Dockerised and prepared with .env

2025-12-05 22:09:44 +01:00
parent a3b13c5fe6
commit 257e4c2062
6 changed files with 476 additions and 110 deletions
--- a/.env.example
+++ b/.env.example
@@ -0,0 +1,32 @@
+# Thinkcentre Monitor Configuration
+# Copy this file to .env and fill in your actual values
+
+# Target URL to monitor for health checks
+# This is the service URL that will be checked every CHECK_INTERVAL seconds
+TARGET_URL=http://kubernetes-service:8080
+
+# Home Assistant configuration
+# HA_URL: Base URL of your Home Assistant instance
+# Example: http://homeassistant:8123 or http://192.168.1.100:8123
+HA_URL=http://homeassistant:8123
+
+# HA_TOKEN: Long-lived access token from Home Assistant
+# To generate: Home Assistant Settings → Developer Tools → Long-Lived Access Tokens
+# REQUIRED - the script will exit if this is not set
+HA_TOKEN=eyJhbGciOiJIUzI1NiIsInR5cCI6IkpXVCJ9.eyJpc3MiOiI5MGUzZjBmZTYwMjc0NWU0YTAwOTdiOTk2MjY1MzU2YyIsImlhdCI6MTczMzQwMjEwMiwiZXhwIjoyMDQ4NzYyMTAyfQ.example_token_replace_with_yours
+
+# HA_ENTITY: Home Assistant entity ID for the power switch
+# This is the switch entity that will be toggled to power-cycle the machine
+# Example: switch.thinkcentre_power or switch.machine_reboot_relay
+HA_ENTITY=switch.thinkcentre_power
+
+# Grace period in seconds
+# When a 502 error is detected, the system waits this long for recovery
+# (useful for deployment scenarios where services may temporarily be unavailable)

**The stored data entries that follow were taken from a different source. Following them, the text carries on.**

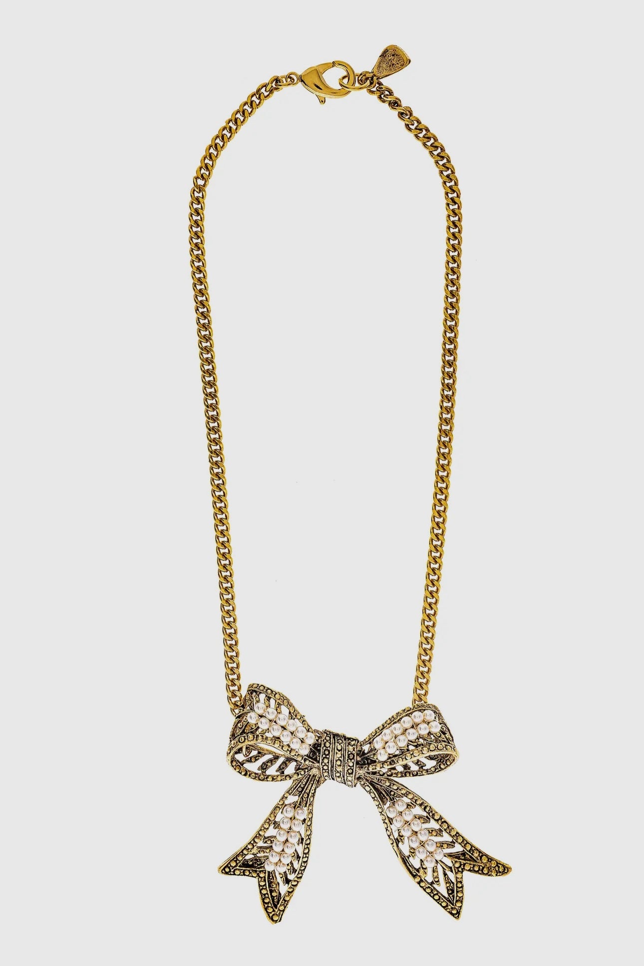 Yochi signature bow necklace with glass pearls. 22k gold plated over brass. Hand made in New York.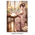 朝の光の中で手紙を書く着物の女性|デジタルアート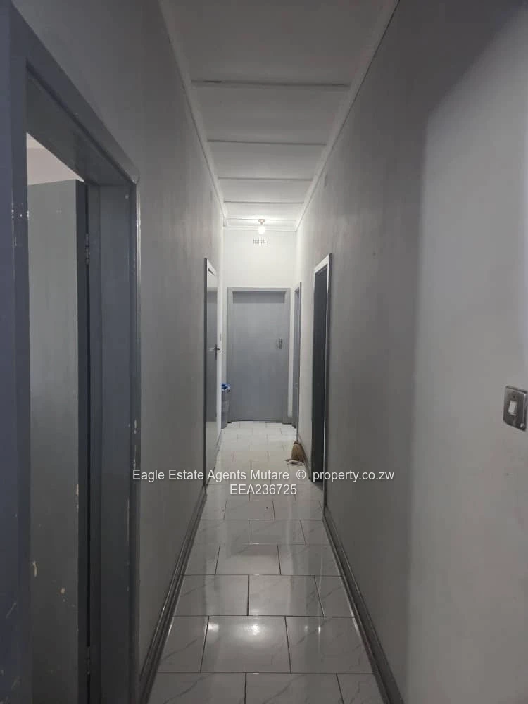 Starter home located in the best suburb of Mutare with lots of room for extension, comprises entrance hall, lounge, dining, kitchen, 3 beds, bathroom of tub and separate toilet. Single-staff quarters and a single carport.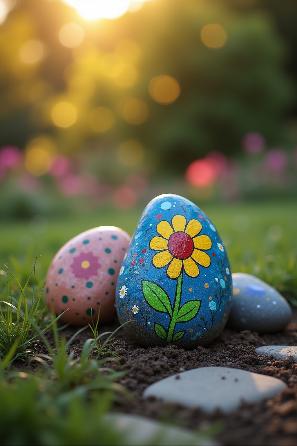 10. Bemalte Findlinge als dekorative Türstopper oder Buchstützen für die Gartenlaube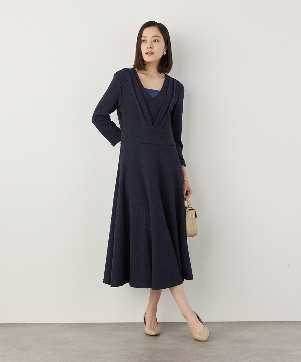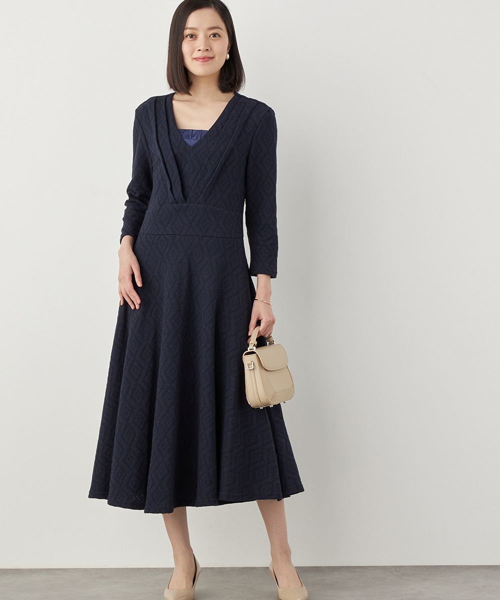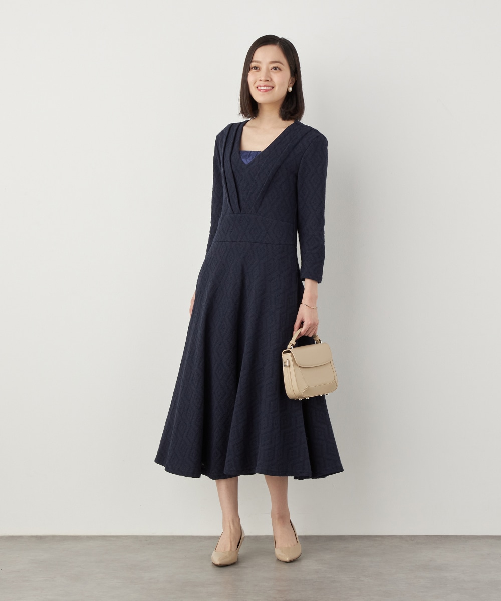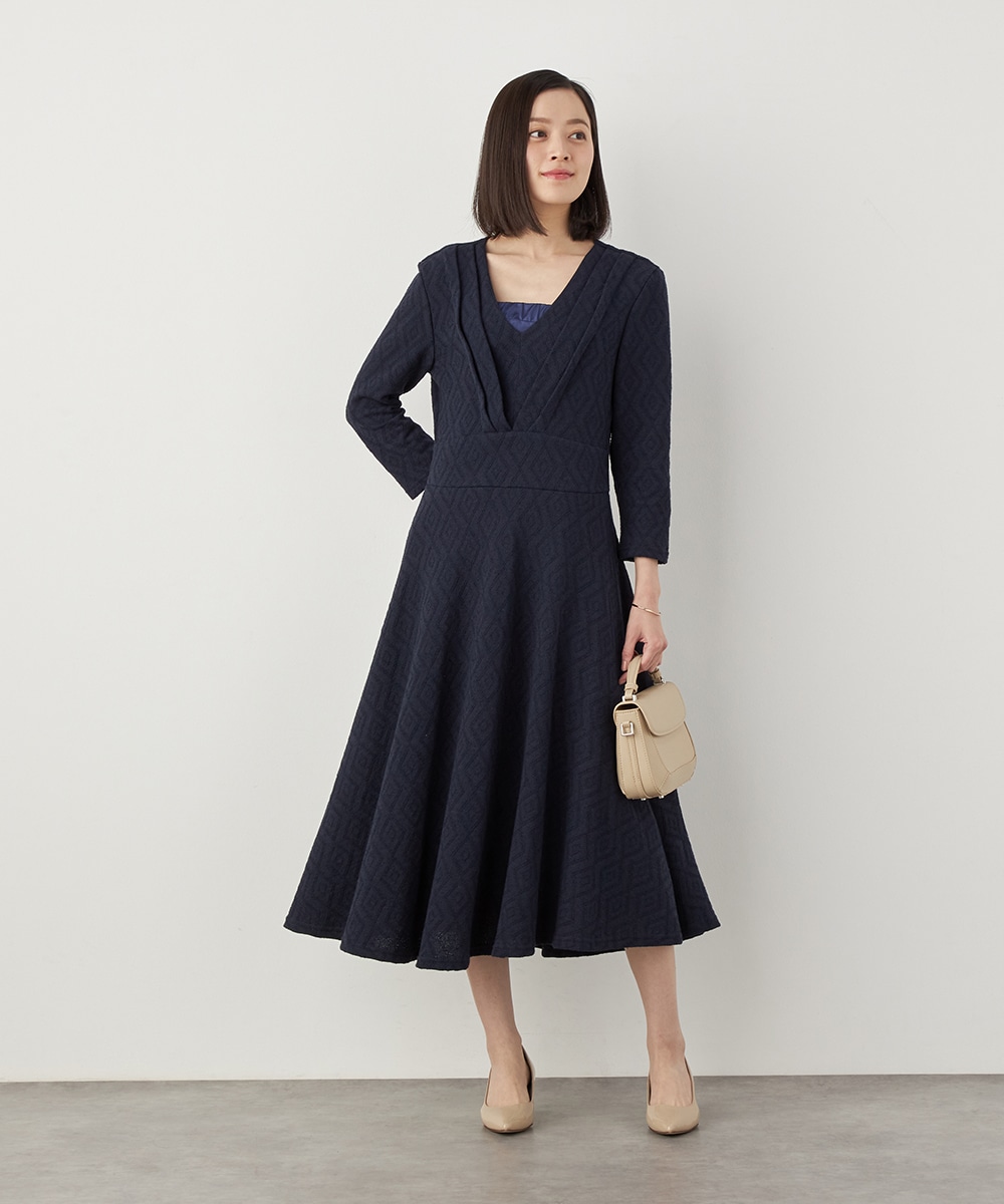 Vネックのデザインとタックにより、すっきりとした印象に着こなせます。ウエストの切り替えはスタイルにメリハリをプラスするポイント。スカート部分はほどよいフレア感があり、女性らしくエレガントなシルエットに仕上がっています。大人っぽく上品な長めの着丈です。オンオフを問わずに活用できます。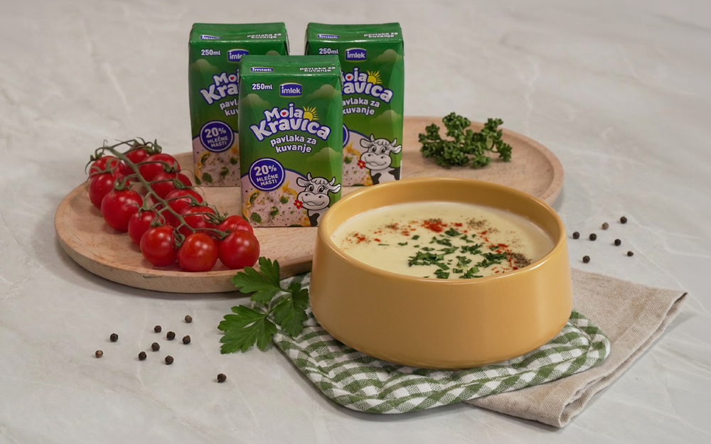 Vratiti potaž na srednju temperaturu pa dodati 250ml Moja Kravica pavlake za kuvanje. Lagano kuvati još 4–5 minuta da se sve sjedini i dobije svilenkasta tekstura.

+# Default: 300 (5 minutes)
+GRACE_PERIOD=300
+
+# Health check interval in seconds
+# How frequently to check the target URL
+# Default: 30 seconds
+CHECK_INTERVAL=30
--- a/22
+++ b/22
@@ -0,0 +1,22 @@
+FROM alpine:latest
+
+# Install required dependencies
+RUN apk add --no-cache \
+    bash \
+    curl \
+    ca-certificates
+
+# Create application directory
+WORKDIR /app
+
+# Copy monitoring script
+COPY thinkcenter_monitor.sh /app/thinkcenter_monitor.sh
+
+# Create log directory
+RUN mkdir -p /var/log
+
+# Make script executable
+RUN chmod +x /app/thinkcenter_monitor.sh
+
+# Set the entrypoint
+CMD ["/app/thinkcenter_monitor.sh"]
--- a/README.md
+++ b/README.md
@@ -1,3 +1,242 @@
-# Thinkcentre-watchdog
+# Thinkcentre Watchdog

-A watchdog daemon for my thinkcentre machines which tend to hang.

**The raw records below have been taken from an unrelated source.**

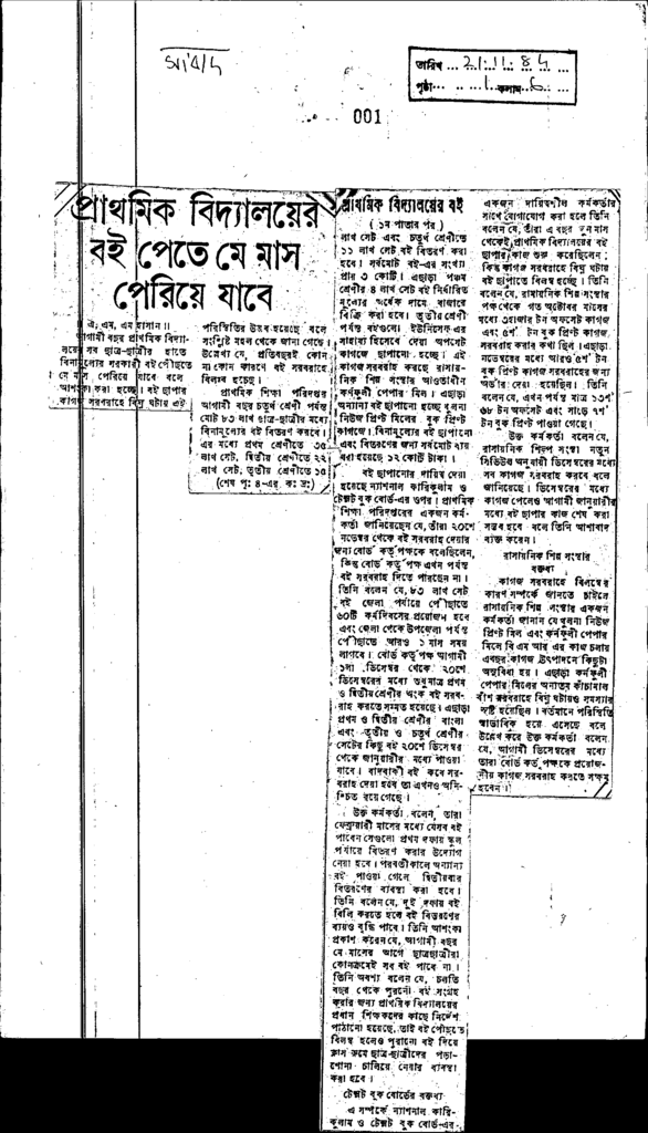 প্রাথমিক বিদ্যালয়ের বই পেতে মে মাস পেরিয়ে যাবে Published on Newspaper দৈনিক সংবাদ Category General Education Download
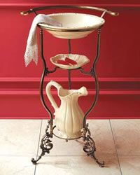 幾十年前,我們就已經(jīng)見過類似的洗臉架了,只不過當年以木制為多,上面一格放著臉盆,下一格就放肥皂盒之類的,背后還有一個架子可以掛毛巾擦手。在歐洲,這樣的款式才是經(jīng)典,看似老派卻從未落伍,特別是那只倒水的壺,線條極其優(yōu)雅。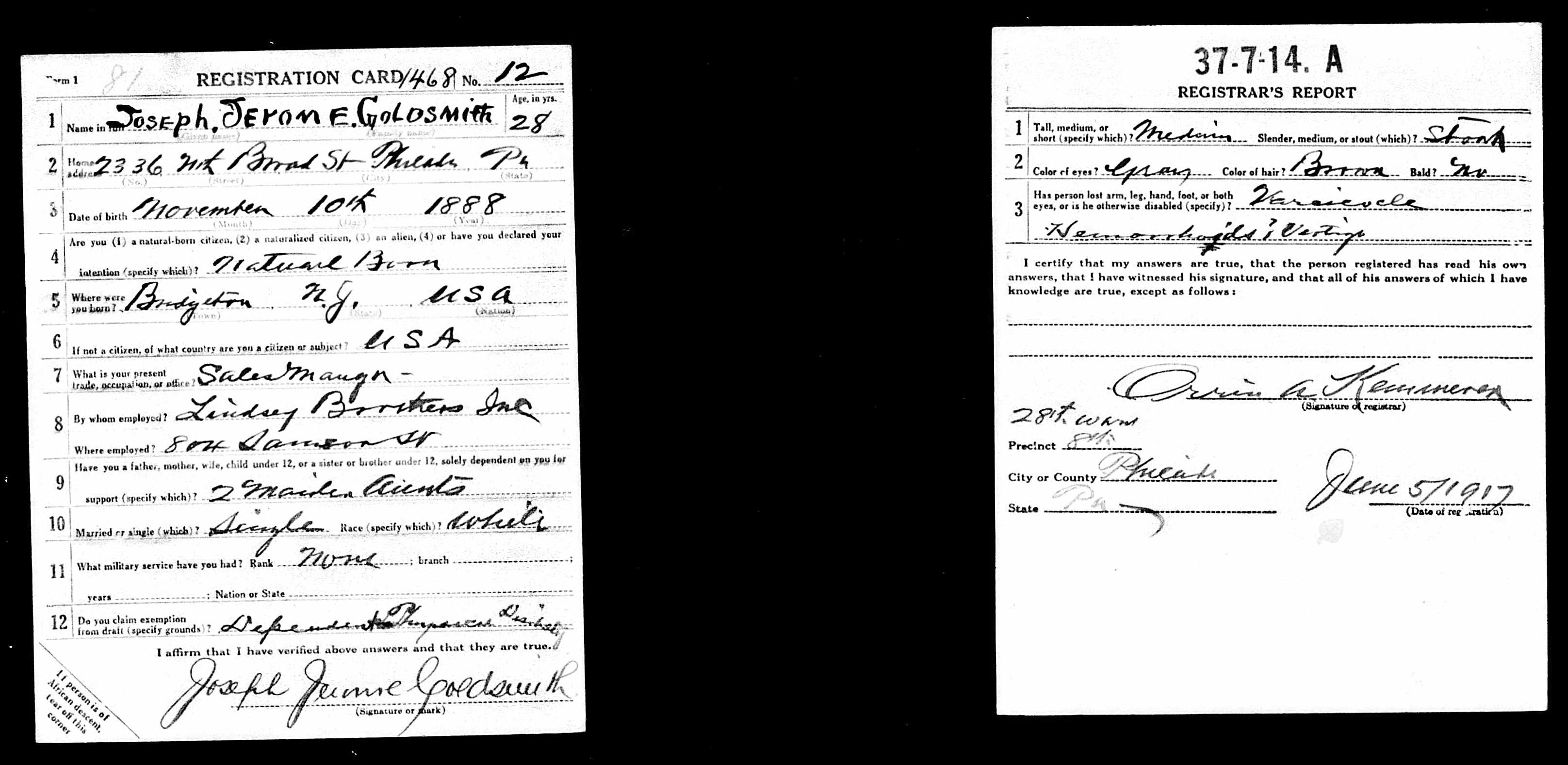 - James Craig, death certificate, Certificate Number: 140783, Pennsylvania Historic and Museum Commission; Harrisburg, Pennsylvania; Pennsylvania (State). Death certificates, 1906–1967; Certificate Number Range: 140251-143500, Ancestry.com. Pennsylvania, Death Certificates, 1906-1967 ↩

+A Docker-based monitoring solution for detecting and auto-rebooting hung Kubernetes machines via Home Assistant integration.
+
+## Overview
+
+This watchdog monitors a target service URL for 502 Bad Gateway errors (indicating a hung machine). When a service fails:
+
+1. A 5-minute grace period begins (allowing for deployment recoveries)

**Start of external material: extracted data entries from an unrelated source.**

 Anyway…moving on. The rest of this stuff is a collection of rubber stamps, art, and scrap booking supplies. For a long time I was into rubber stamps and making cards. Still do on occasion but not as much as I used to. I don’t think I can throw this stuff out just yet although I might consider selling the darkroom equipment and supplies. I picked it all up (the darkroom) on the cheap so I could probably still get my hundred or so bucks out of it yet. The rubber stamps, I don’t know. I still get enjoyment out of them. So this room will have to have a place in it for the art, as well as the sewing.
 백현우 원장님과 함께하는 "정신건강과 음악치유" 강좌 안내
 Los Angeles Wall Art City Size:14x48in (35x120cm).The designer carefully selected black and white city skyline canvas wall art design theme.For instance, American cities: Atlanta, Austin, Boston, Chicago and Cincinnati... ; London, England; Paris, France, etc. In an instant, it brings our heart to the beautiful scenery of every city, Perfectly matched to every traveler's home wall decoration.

+2. If the service recovers within 5 minutes, the error is cleared (normal deployment scenario)
+3. If still failing after 5 minutes, an automatic power-cycle is triggered via Home Assistant
+4. The machine powers off for 10 seconds, then powers back on
+
+All activity is logged with timestamps for monitoring and troubleshooting.
+
+## Prerequisites
+
+- Docker and Docker Compose installed
+- Home Assistant instance running with network access
+- A power switch entity configured in Home Assistant
+- Long-lived access token from Home Assistant
+
+## Installation
+
+### 1. Download/Organize Files
+
+Clone or download this repository to your machine:
+
+```bash
+git clone <repository-url>
+cd Thinkcentre-watchdog
+```
+
+The directory should contain:
+- `Dockerfile` - Container definition
+- `thinkcenter_monitor.sh` - Monitoring script
+- `docker-compose.yml` - Docker Compose configuration
+- `.env.example` - Environment variable template
+- `README.md` - This file
+
+### 2. Create Configuration File
+
+Copy the example environment file and edit it with your actual values:
+
+```bash
+cp .env.example .env
+```
+
+Edit `.env` and configure:
+
+```bash
+# Your target service URL
+TARGET_URL=http://your-kubernetes-service:8080
+
+# Home Assistant configuration
+HA_URL=http://homeassistant:8123
+HA_TOKEN=your_long_lived_access_token_here
+HA_ENTITY=switch.your_power_switch_entity
+
+# Optional: Adjust timing if needed
+GRACE_PERIOD=300      # 5 minutes
+CHECK_INTERVAL=30     # Check every 30 seconds
+```
+
+### 3. Generate Home Assistant Token
+
+1. Open Home Assistant web interface
+2. Go to **Settings** → **Developer Tools** → **Long-Lived Access Tokens**
+3. Click **Create Token**
+4. Name it (e.g., "Thinkcentre Watchdog")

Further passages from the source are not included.